■ Supplied data
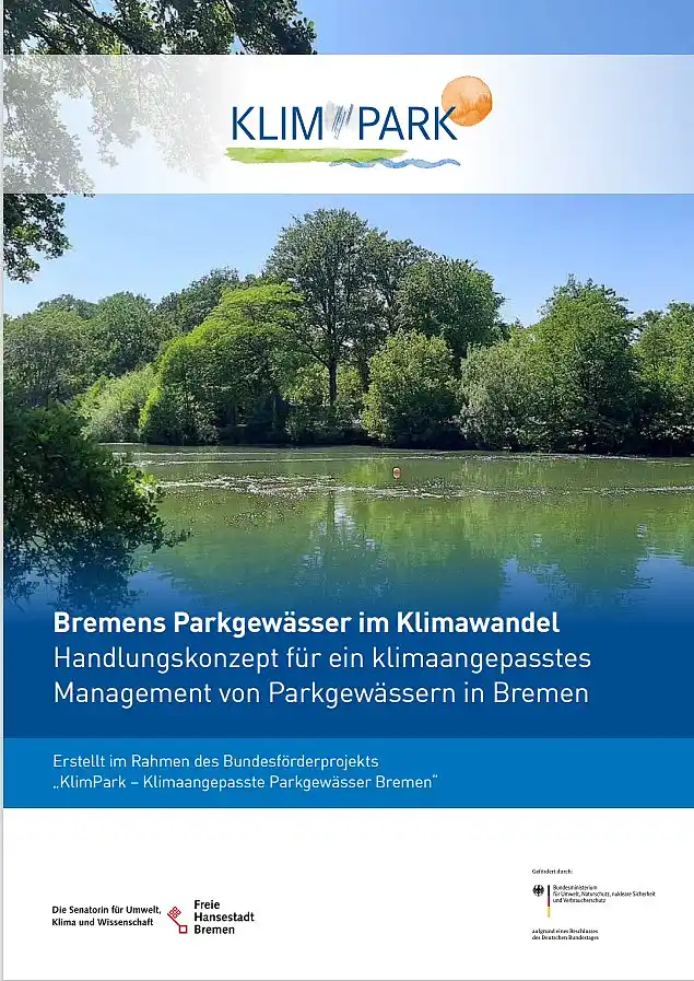 Basierend auf den Ergebnissen des Parkgewässer-Monitorings und der Diskussionen im Rahmen des Kooperationsforums wurde ein gesamtstädtisches Handlungskonzept für ein innovatives, nachhaltiges Management der Bremer Parkgewässer im Klimawandel erstellt. Das Handlungskonzept enthält eine detaillierte Beschreibung der Parkgewässer und zeigt Handlungsbedarfe auf. Außerdem werden konkrete Unterhaltungsoptionen unter Verwendung innovativer Maßnahmen dargestellt sowie eine Integration von Potenzialen der Starkregenvorsorge für die jeweiligen Parkgewässer definiert. Auch Kostenabschätzungen für die unterschiedlichen Maßnahmen im Hinblick auf Abwägung von Alternativen und Haushaltsanmeldungen für künftige Maßnahmenumsetzungen wurden herausgearbeitet. Damit könnte das Handlungskonzept als Strategie Bremens für das Parkgewässermanagement dienen und sollte regelmäßig fortgeschrieben werden.
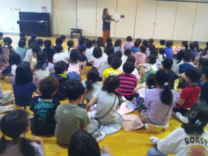 9日(月)と12日(木)に木いちごさんが、ミーティングルームで読聞かせをしてくださいました。学年のみんなが集まっての読聞かせの会。とても楽しい時間を過ごすことができました。
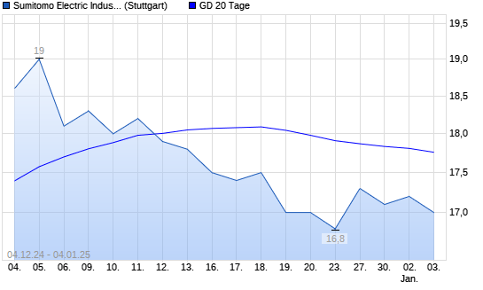 Mit dem Anstieg auf 17,20 EUR hat die Sumitomo Electric Industries-Aktie am 03.01.2025 die 20-Tage-Linie nach oben gekreuzt.
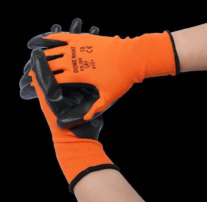 Our Nitrile Gloves are done right, delivering strength, grip, and comfort in one. Made of highperformance nitrile with 13-guage polyester knit wrist and foam liner, they offer excellent dry grip by moving oils and liquids away from the glove surface. CE certified to EN420 and EN388 standards, they’re built for tough, reliable performance. Available in packs of 5.

■ Directions for this task
All of the listing is to be written out exactly, with the pictures left out.

■ Answer
 Basierend auf den Ergebnissen des Parkgewässer-Monitorings und der Diskussionen im Rahmen des Kooperationsforums wurde ein gesamtstädtisches Handlungskonzept für ein innovatives, nachhaltiges Management der Bremer Parkgewässer im Klimawandel erstellt. Das Handlungskonzept enthält eine detaillierte Beschreibung der Parkgewässer und zeigt Handlungsbedarfe auf. Außerdem werden konkrete Unterhaltungsoptionen unter Verwendung innovativer Maßnahmen dargestellt sowie eine Integration von Potenzialen der Starkregenvorsorge für die jeweiligen Parkgewässer definiert. Auch Kostenabschätzungen für die unterschiedlichen Maßnahmen im Hinblick auf Abwägung von Alternativen und Haushaltsanmeldungen für künftige Maßnahmenumsetzungen wurden herausgearbeitet. Damit könnte das Handlungskonzept als Strategie Bremens für das Parkgewässermanagement dienen und sollte regelmäßig fortgeschrieben werden.
 9日(月)と12日(木)に木いちごさんが、ミーティングルームで読聞かせをしてくださいました。学年のみんなが集まっての読聞かせの会。とても楽しい時間を過ごすことができました。
 Mit dem Anstieg auf 17,20 EUR hat die Sumitomo Electric Industries-Aktie am 03.01.2025 die 20-Tage-Linie nach oben gekreuzt.
 Our Nitrile Gloves are done right, delivering strength, grip, and comfort in one. Made of highperformance nitrile with 13-guage polyester knit wrist and foam liner, they offer excellent dry grip by moving oils and liquids away from the glove surface. CE certified to EN420 and EN388 standards, they’re built for tough, reliable performance. Available in packs of 5.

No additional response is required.